_DATASET RECORDS_.
*****

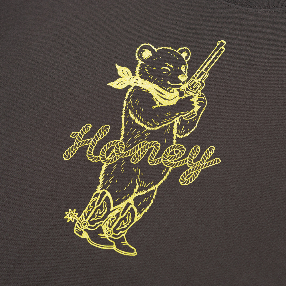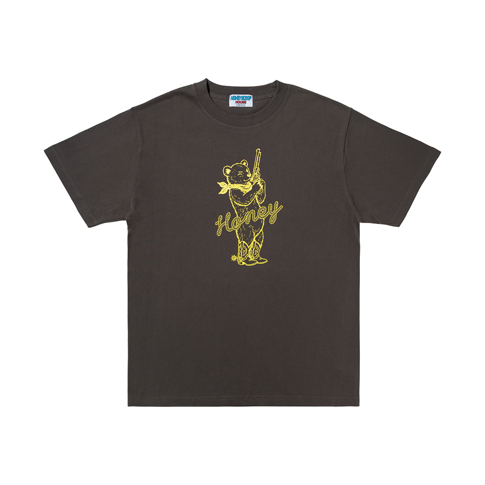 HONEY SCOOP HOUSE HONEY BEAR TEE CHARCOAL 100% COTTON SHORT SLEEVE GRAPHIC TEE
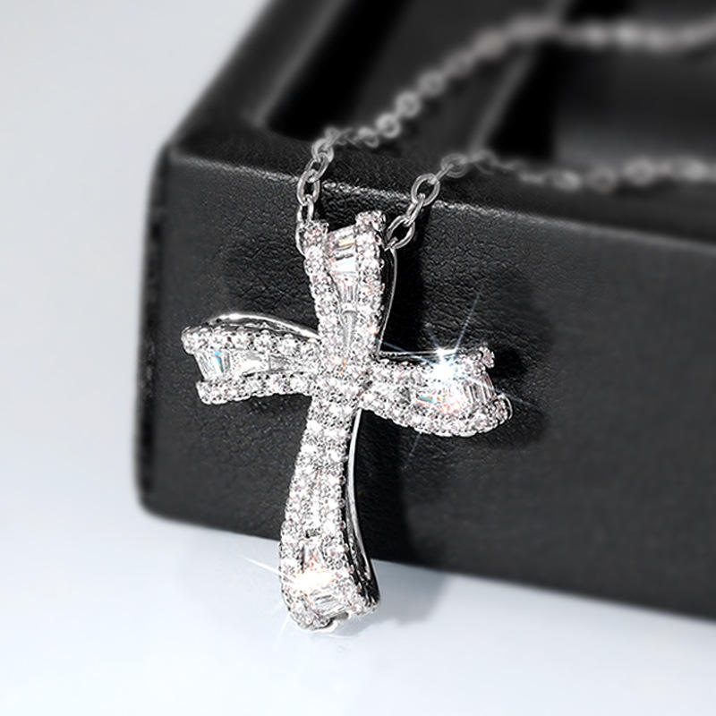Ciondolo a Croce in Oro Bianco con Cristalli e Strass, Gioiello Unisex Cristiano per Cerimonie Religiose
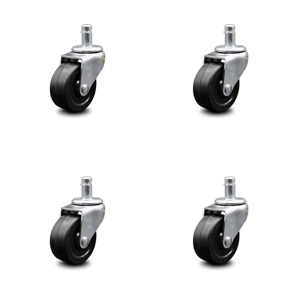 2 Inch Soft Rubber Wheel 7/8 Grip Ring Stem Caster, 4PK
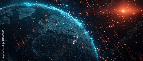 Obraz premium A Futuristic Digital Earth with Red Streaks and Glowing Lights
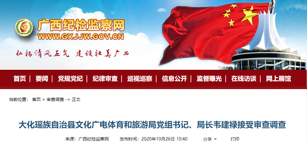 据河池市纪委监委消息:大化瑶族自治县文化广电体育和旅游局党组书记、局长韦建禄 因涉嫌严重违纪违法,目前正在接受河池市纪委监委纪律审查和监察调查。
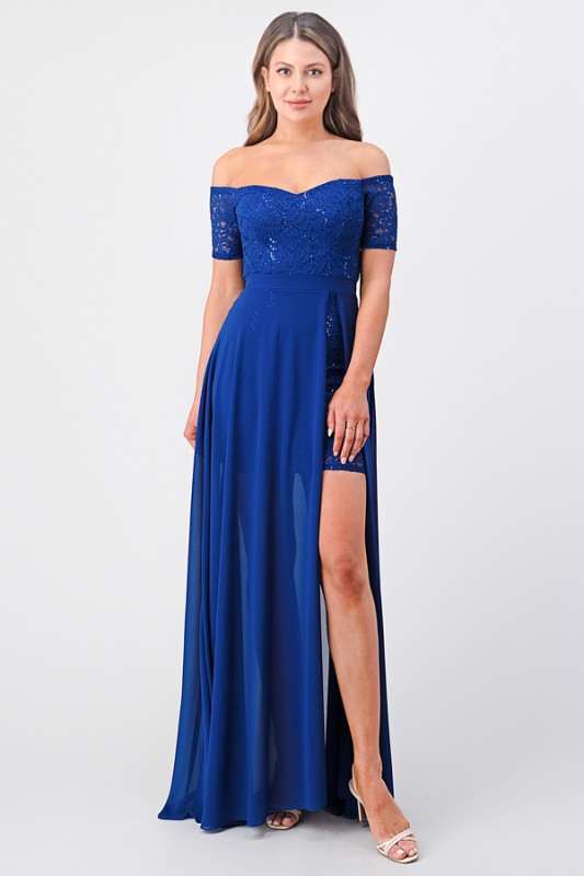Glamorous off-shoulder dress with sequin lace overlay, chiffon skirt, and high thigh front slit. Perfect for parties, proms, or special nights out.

*****

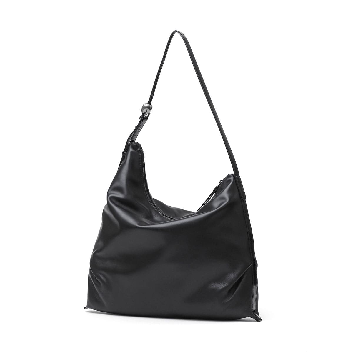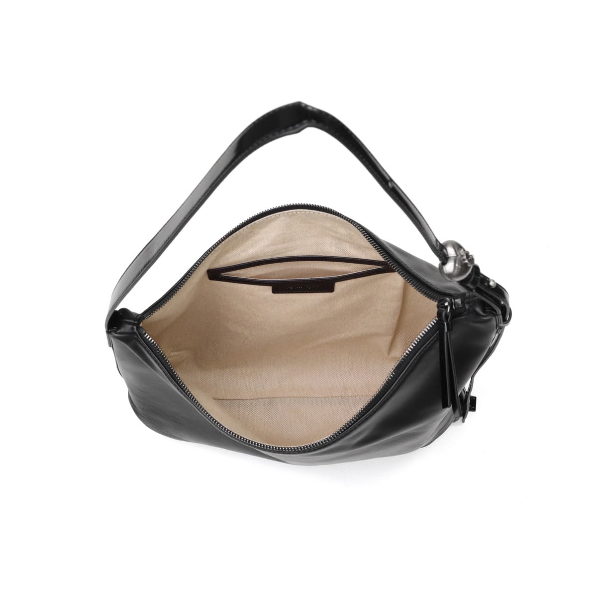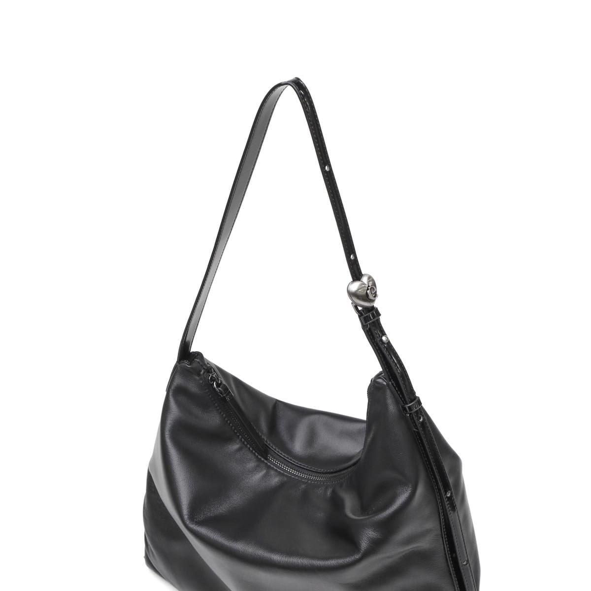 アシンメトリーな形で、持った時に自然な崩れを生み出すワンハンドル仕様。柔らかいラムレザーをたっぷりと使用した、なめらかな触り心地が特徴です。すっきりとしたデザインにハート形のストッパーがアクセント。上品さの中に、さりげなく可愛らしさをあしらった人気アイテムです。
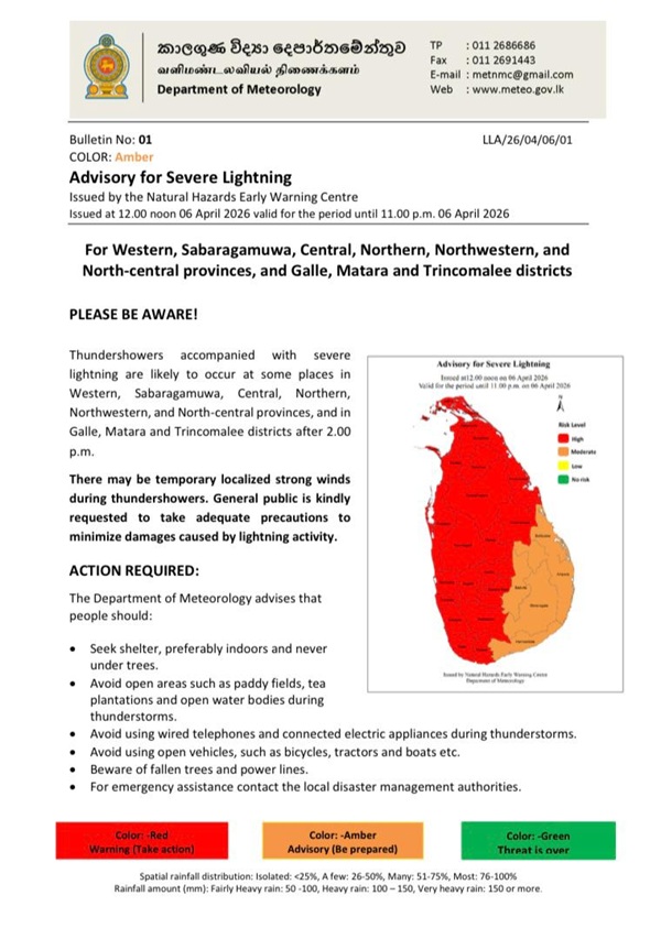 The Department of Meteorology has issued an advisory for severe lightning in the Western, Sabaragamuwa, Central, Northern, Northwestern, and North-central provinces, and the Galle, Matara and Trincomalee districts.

*****

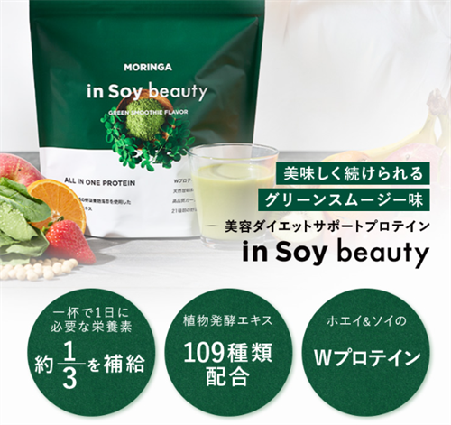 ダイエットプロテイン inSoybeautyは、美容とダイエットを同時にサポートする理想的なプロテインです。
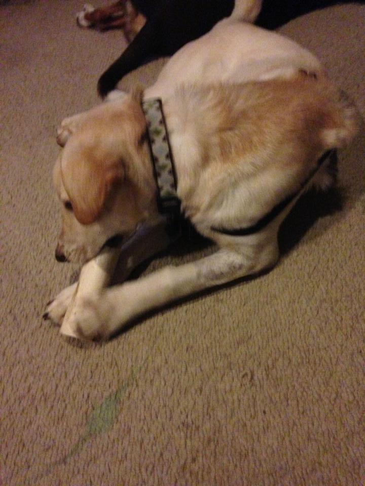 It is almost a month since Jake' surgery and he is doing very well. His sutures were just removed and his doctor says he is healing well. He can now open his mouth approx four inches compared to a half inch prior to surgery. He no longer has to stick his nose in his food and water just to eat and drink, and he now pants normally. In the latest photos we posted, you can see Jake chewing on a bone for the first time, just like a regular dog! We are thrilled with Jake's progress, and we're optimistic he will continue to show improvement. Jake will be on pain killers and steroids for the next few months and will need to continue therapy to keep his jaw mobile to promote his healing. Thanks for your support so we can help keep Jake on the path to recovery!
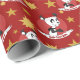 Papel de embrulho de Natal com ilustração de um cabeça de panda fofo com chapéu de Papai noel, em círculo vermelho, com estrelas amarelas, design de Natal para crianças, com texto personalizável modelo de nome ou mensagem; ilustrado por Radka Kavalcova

*****

_WORK ORDER_. Using the entries above, reproduce word for word only the lines from the one that contains "2 Inch Soft" to the one that contains "Glamorous off-shoulder dress", both ends included, and drop every picture.

_ANSWER BELOW_.
 2 Inch Soft Rubber Wheel 7/8 Grip Ring Stem Caster, 4PK
 Obraz premium A Futuristic Digital Earth with Red Streaks and Glowing Lights
 据河池市纪委监委消息:大化瑶族自治县文化广电体育和旅游局党组书记、局长韦建禄 因涉嫌严重违纪违法,目前正在接受河池市纪委监委纪律审查和监察调查。
Glamorous off-shoulder dress with sequin lace overlay, chiffon skirt, and high thigh front slit. Perfect for parties, proms, or special nights out.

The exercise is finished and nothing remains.